Architecture overview

We built on AWS Bedrock with Claude 3 Sonnet as the reasoning model and Titan Embeddings v2 for the vector layer. The retrieval store is pgvector running on RDS PostgreSQL — a deliberate choice we'll get to. The orchestration layer is a Spring Boot service with a custom tool-use loop rather than a framework like LangChain.

The high-level flow: inbound events are chunked and embedded, stored in pgvector, then retrieved at query time to augment the model prompt. The model returns a structured diagnosis JSON with a confidence score and a list of cited sources.

The hard parts

Chunking strategy

Carrier contracts are written by lawyers, not engineers. A single clause about weight-based surcharges can span three paragraphs with backward references. Naive fixed-size chunking (512 tokens, 10% overlap) produced retrieval results that were syntactically correct but semantically incomplete — the model would retrieve the surcharge definition but miss the exception clause two paragraphs earlier.

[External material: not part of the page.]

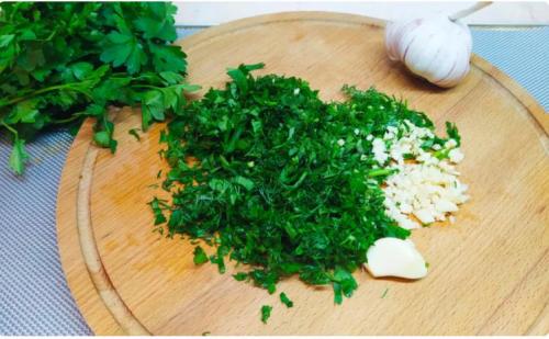 Меленько порубите зелень и измельчите чеснок тоже ножом. Смешайте их и всыпьте пол ч. л. соли, чтобы они выделили сок.
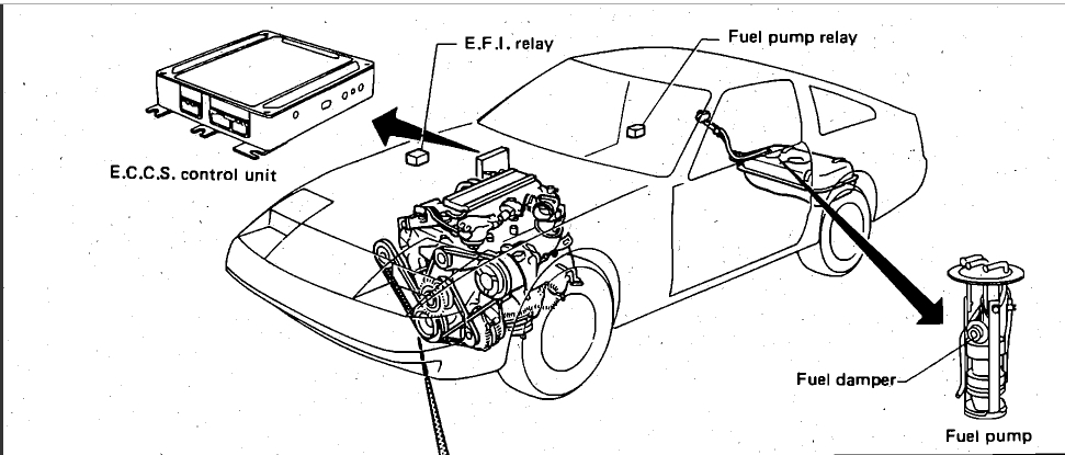 Where is the fuel pump relay located in a 1986 Nissan 300zx Non turbo?

We switched to a hierarchical chunking strategy: document-level summaries as parent chunks, clause-level chunks as children, with parent IDs stored as metadata. At retrieval time we fetch the child by similarity, then always pull its parent summary as additional context. Retrieval quality improved significantly on our evaluation set.

For legal and contractual documents, semantic boundaries matter more than token budgets. Chunk at clause boundaries, not character counts.

Why pgvector over OpenSearch

We evaluated OpenSearch with the k-NN plugin, Pinecone, and pgvector. For our scale — roughly 2M vectors — pgvector on a db.r7g.large was 83% cheaper per month than a comparable Pinecone index and eliminated an additional managed service from the stack. Query latency at p95 was 38ms with an HNSW index, well within our 200ms budget.

The real win: our structured metadata (carrier ID, contract version, effective date) could be filtered using standard SQL predicates before the vector search, which neither Pinecone nor OpenSearch handled as cleanly without additional plumbing.

Production lessons

Latency budget

Our end-to-end target was under two seconds for a diagnosis. Bedrock inference for Claude 3 Sonnet typically runs 900ms–1.4s for our prompt sizes. That left us roughly 600ms for retrieval, reranking, and prompt assembly. We had to be aggressive: top-k=5 (not 10), no reranker in the hot path, and prompt templates pre-compiled at startup.

Hallucination surface

The model would occasionally cite SLA thresholds with high confidence that weren't in the retrieved context — it was completing from training knowledge. We addressed this with two changes: an explicit system prompt instruction ("only cite figures present in the provided context documents") and a post-processing step that validates every numeric claim in the response against the retrieved chunks using regex matching.

"The model's confidence is not the same as factual grounding. Treat them as separate signals."

Cost model

At launch we were naively embedding every inbound event, including heartbeat pings with no diagnostic value. Filtering those at the ingest layer reduced our Titan Embeddings spend by 61%. Rule of thumb: embeddings are cheap per call but expensive at volume — filter aggressively before you embed.

What we'd do differently

We'd invest earlier in an evaluation harness. We built ours in week four, after we'd already made several chunking decisions we later reversed. Having even a small golden dataset of 50 question/answer pairs from week one would have made those decisions data-driven rather than intuition-driven.

We'd also separate the retrieval service from the orchestration service earlier. Running both in the same Spring Boot instance made local development fast but created a deployment coupling that slowed us down in the final weeks when retrieval needed to scale independently of the agent logic.

Five things to take away

  1. Chunk at semantic boundaries, not token budgets — especially for legal documents.
  2. pgvector + SQL predicates beats a dedicated vector DB at moderate scale and a fraction of the cost.
  3. Build your evaluation harness in week one, not week four.
  4. Filter before you embed — heartbeats and noise inflate cost with no retrieval benefit.
  5. Model confidence ≠ factual grounding. Validate numeric claims post-generation.